Considering what a strong year it's been for health care stocks, especially biotech and pharmaceutical companies, Pfizer's (NYSE:PFE) 7% year-to-date gains might leave a lot to be desired among shareholders.
Pfizer struggled in 2014, as it has in recent years, with the ongoing loss of exclusivity in previously core drugs. Revenue from cholesterol-lowering drug Lipitor fell off a cliff, along with Detrol, Viagra, Effexor, and Spiriva in select countries. This month will see blockbuster anti-inflammatory Celebrex come off patent as well.
But here's the good news for shareholders: 2014 is almost over, and 2015 could be a much better year. Though multiple catalyst wait in the wings for Pfizer, three in particular stand out as reasons why Pfizer stock could soar in 2015. Let's take a closer look at what they are.
No. 1: A possible palbociclib approval
Perhaps the biggest catalyst on Pfizer's horizon is experimental breast cancer drug palbociclib.
The drug, which is given with Novartis' Femara, burst onto the scene in 2012 when an interim analysis demonstrated a median progression-free survival of 26.1 months, compared to just 7.5 months at the time for the Femara monotherapy arm.
Pfizer shares cooled a bit when the final study data (known as PALOMA-1) was released, showing a near doubling in median PFS to 20.2 months for the palbociclib-treated group compared to 10.2 months for the Femara-only group, and a 4.2 month improvement in overall survival to 37.5 months. Still, this estrogen-positive, HER2-negative drug performed marvelously in clinical studies, and both physicians and investors are excited about its potential.

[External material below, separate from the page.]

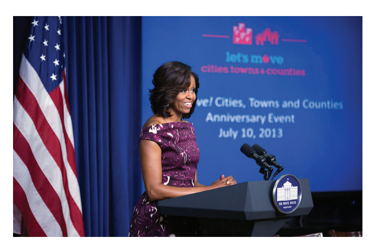
First Lady Michelle Obama encourages public health officials to use IHME's research for US counties.

IHME is conducting a King County, Washington, burden of disease study, using all available data to provide an in-depth look at health outcomes across different age groups, genders, and communities. We are collaborating with Public Health — Seattle & King County to ensure that the results are widely disseminated, understood, and used by local decision-makers. To foster community engagement and ensure accessibility of the data, IHME will make the study's findings publicly available in an easy-to-use data visualization tool.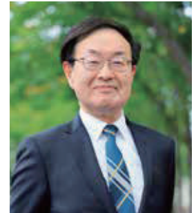
Kansai University Vice President Dean, Division of Community & Business Partnerships (Professor, Faculty of Environmental and Urban Engineering)

At Kansai University, various partnership projects are being pursued within the URA system under the Division of Community & Business Partnerships. The mission of the Division of Community & Business Partnerships is to make the diverse partnerships that Kansai University has built so far with the government, local municipalities, companies, communities, schools, and various organizations more effective while also searching for and building new connections. What can Kansai University do to contribute to the sustainable development of the global society? In order that the community and business partnership activities of the university may become a driving force that creates new forms of innovation in society, we will continue to strive to become a place for the "creation and application of knowledge" at Kansai University.

Because palbociclib was granted the breakthrough therapy designation by the Food and Drug Administration, Pfizer was allowed to submit its new drug application prior to running a long and costly phase 3 study as is customary. This means ER-positive/HER2-negative breast cancer patients might have a newly approved drug by mid-April, which is when the FDA is expected to hand out its decision. Although estimates vary, palbociclib could bring in anywhere from $3 billion to $9 billion in annual sales.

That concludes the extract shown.